Estimated total: ~3.1 GB RAM baseline, peaks to 5–6 GB during n8n workflow bursts. WAHA alone uses ~800 MB. With n8n at 1.2 GB, these two services consume 2 GB of the 7.8 GB available. CPU is the critical constraint: 1.5 CPU cap on n8n leaves only 0.5 CPU for everything else — traefik, waha, cadvisor, node-exporter, OS.

2.3 bms-1 — OVH Kimsufi (94.23.26.113) — Ubuntu 20.04 EOL — 8 cores / 32 GB RAM

Service	Type	RAM (est.)	Criticality
nginx-proxy + letsencrypt	Docker	200 MB	Critical — TLS for all Pinbox24 services
portainer	Docker	200 MB	Low — management UI
Pinbox24 v31-v42 (4 instances)	Docker (ECR)	~4 GB total	Critical — production app
mailgun container	Docker	100 MB	High — transactional email relay
pdf-gen (wkhtml)	Docker	300 MB	High — internal PDF gen for Pinbox24
git-deploy	Docker	100 MB	Medium — deployment automation

Known critical issue: disk 100% full. Pinbox24 production may fail on next container update. OS: Ubuntu 20.04 LTS — EOL April 2025. Security risk. No migration plan yet. No Prometheus monitoring.

2.4 bms-2 — OVH Kimsufi (145.239.133.104) — Ubuntu 24.04 — 8 vCPU / 32 GB RAM / 410 GB

Service	Type	RAM (est.)	Criticality
mongod (rs0 observer, non-voting)	systemd	2–4 GB	High — replica set read replica
claude-runner (AI-Dev-OV1 agent)	user process	300 MB per agent	Medium — max 4 parallel

Disk: 16% used (62/410 GB). Ample headroom. No Docker services deployed. No monitoring (node_exporter not installed).

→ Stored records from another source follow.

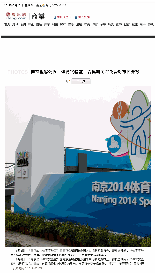 【凤凰网】南京鱼嘴公园“体育实验室”青奥期间将免费对市民开放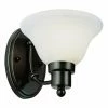 Enhance your foyer, hallway, bath, or other space with the warm glow and attractive transitional style of the Transglobe 2825 Wall Sconce – 7.5W in.. This wall-mounted light features an oval metal backplate with beveled edges. The marbleized glass shade has a classic bell shape and rests on a curved bar for added style and visual interest. Available in your choice of finishes, this indoor light uses one 100-watt medium base bulb, which is not included.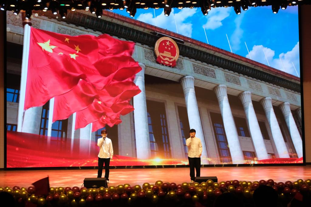最后,合唱《歌唱祖国》将整场演出推向了高潮,观众们一起高唱着这首歌曲,表达了对祖国的热爱和忠诚。
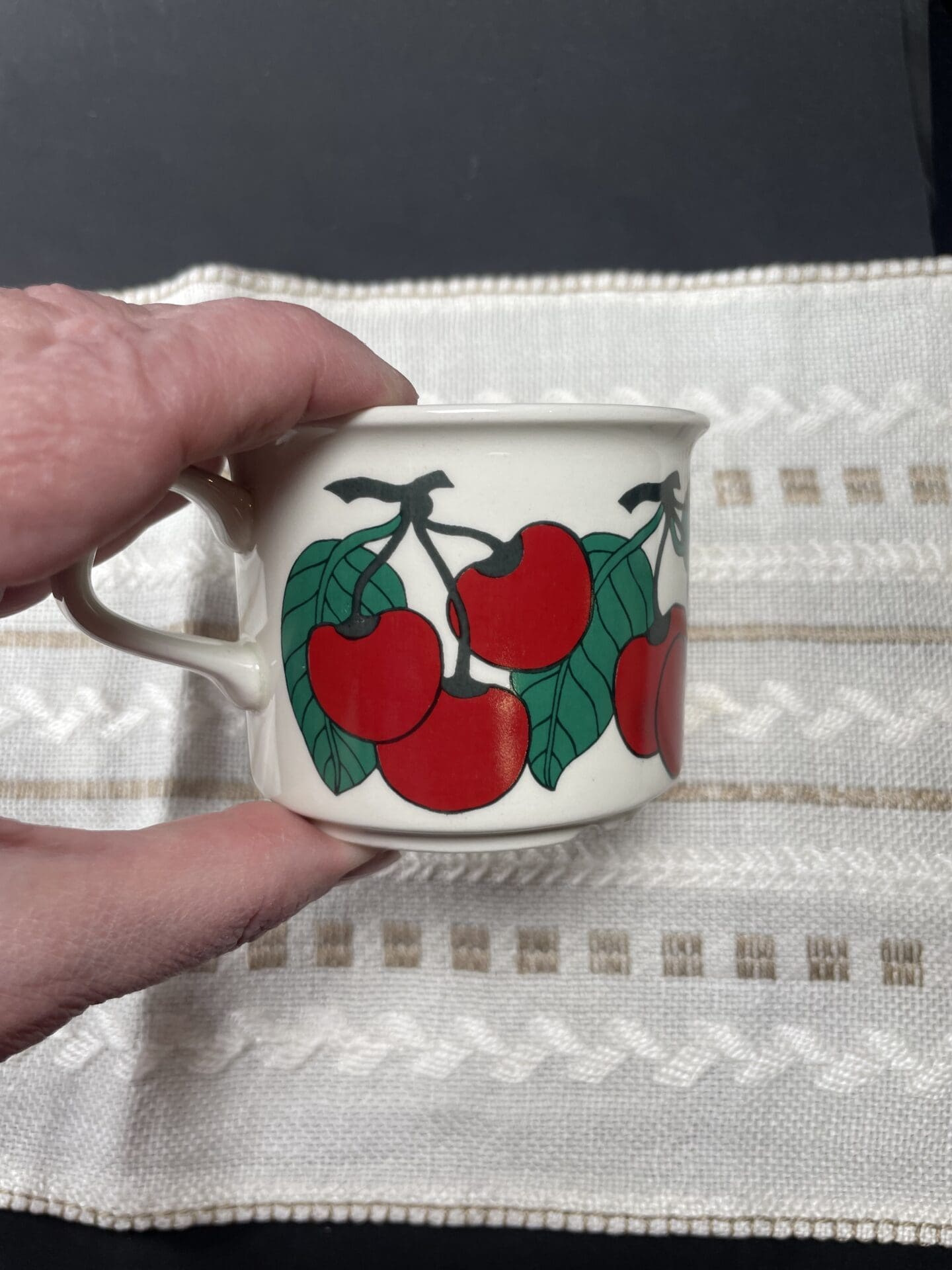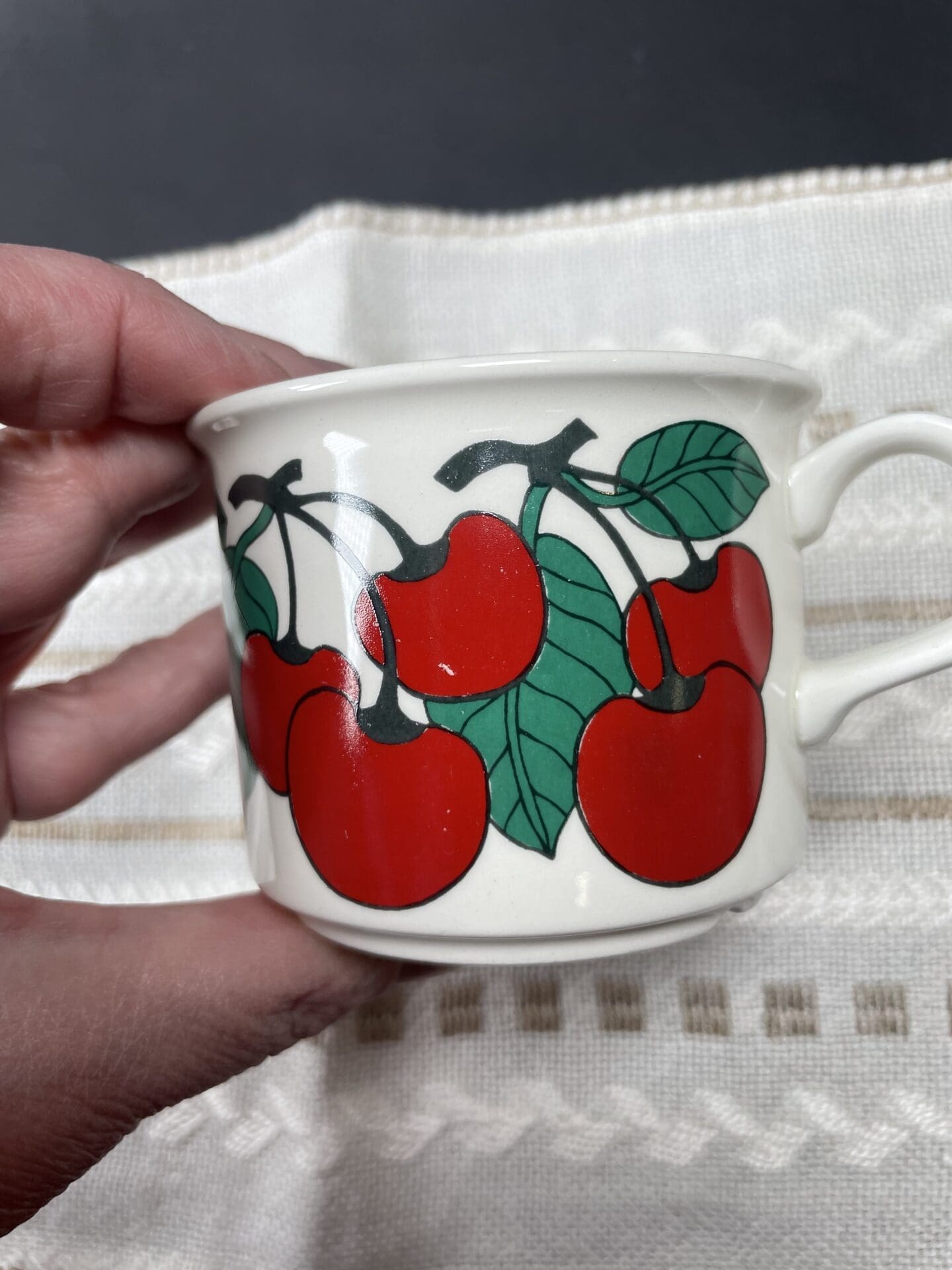 Arabia Kirsikka Coffee Cup. Designed by Inkeri Seppälä. Model EH was in production 1975-79. Good condition and bright colours, very little wear in the pattern. See photos for details. Cup 6cm high and 6cm in diameter. Plate 13cm in diameter.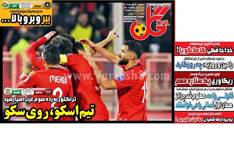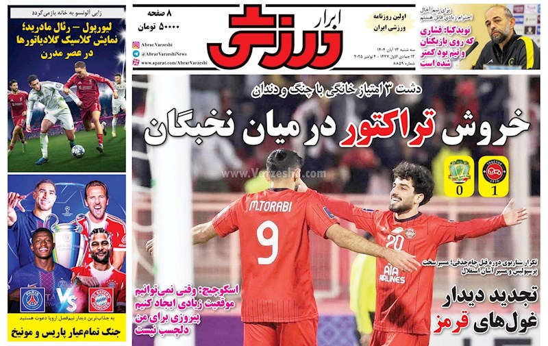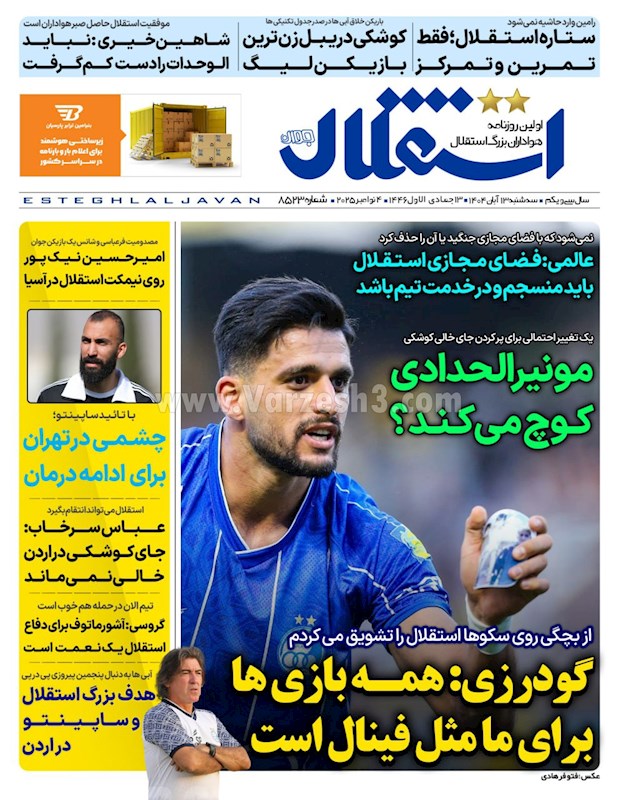 نگاهی به صفحه نخست مهمترین روزنامه های ورزشی ایران در روز سه شنبه ۱۳ آبان ماه ۱۴۰۴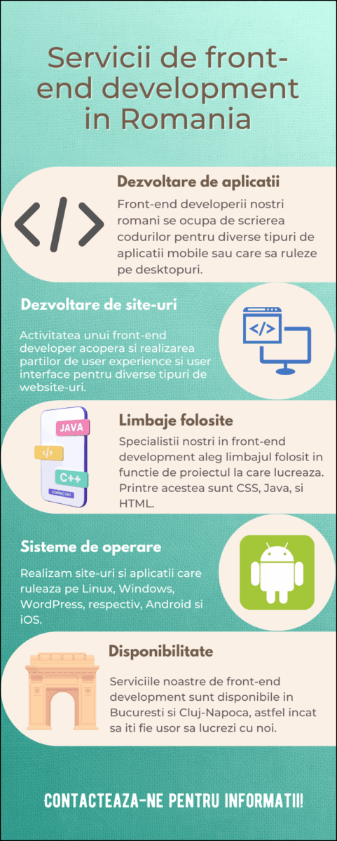 Pentru mai multe informatii despre serviciile noastre si front end developerii nostri din Romania, nu ezita sa ne contactezi.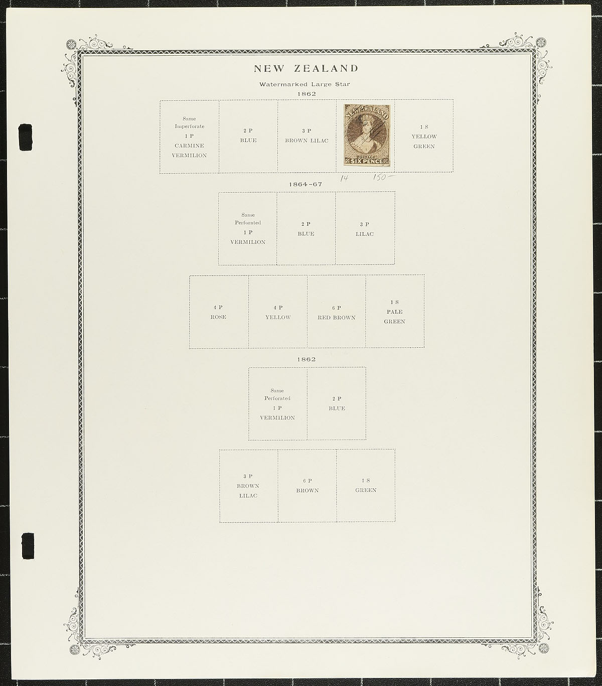 Accumulations of used New Zealand, 1863-2001, containing a likely few thousand stamps in several album or stock pages. The lot generally consists of three part collections, along with accumulations in manila stock pages, generally ranging from Scott #14/1730, along with semi-postals, airmails, and other back of the book issues. A very cursory check indicated early #s 14 (c.v. $115), 39, 41 ($75), 52-53, 55, 61-63, 65, 67A, 68, along with singles, sets, and partial sets, with a few cataloguing $10 to $20 each and up. Owner's 2014 Scott catalogue value for the lot totals $1,217 (roughly 75% of the lot has been catalogued). A good lot for the New Zealand or Commonwealth collector, a few faults with a few of the early issues, overall fine to very fine. Estimate =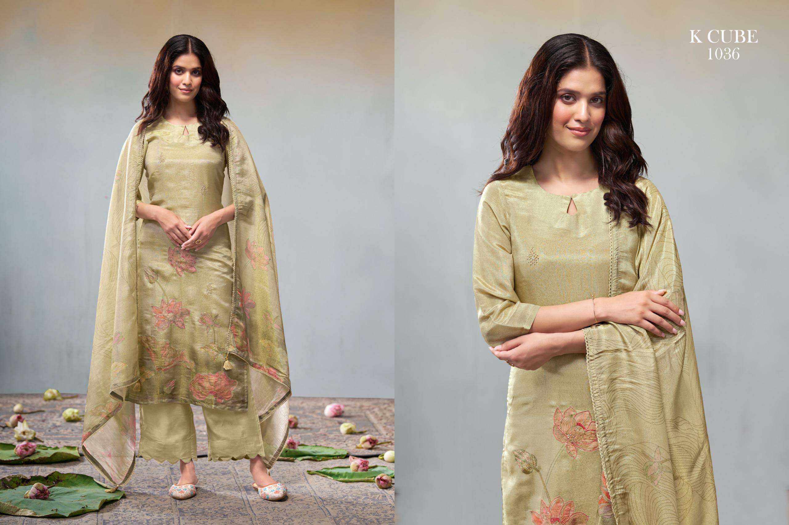 Catalogue: | K CUBE Presents Textilemela Simmer Digital Printed Suit with Hand Work |

2.5 bms-3 — OVH Kimsufi (51.68.155.224) — Ubuntu 22.04 — 8 vCPU / 32 GB RAM / 410 GB

Service	Type	RAM (est.)	Criticality
mongod (rs0 PRIMARY)	systemd	21.7 GB	Critical — Pinbox24 production DB
Pinbox24 v31-v42 staging (4 instances)	Docker (ECR)	~3 GB	Medium — staging
traccar	Docker	500 MB	Medium — GPS tracking (staging)
nginx-proxy + letsencrypt	Docker	200 MB	Medium — TLS for staging
portainer-pinbox24	Docker	200 MB	Low
mt5	Docker	500 MB	Low

WARNING: MongoDB at 21.7 GB RAM leaves only ~10 GB for all Docker workloads. At risk of OOM if staging load spikes. Disk: 44% used (170/410 GB). Monitor — staging logs can fill quickly. No Prometheus monitoring (node_exporter not installed).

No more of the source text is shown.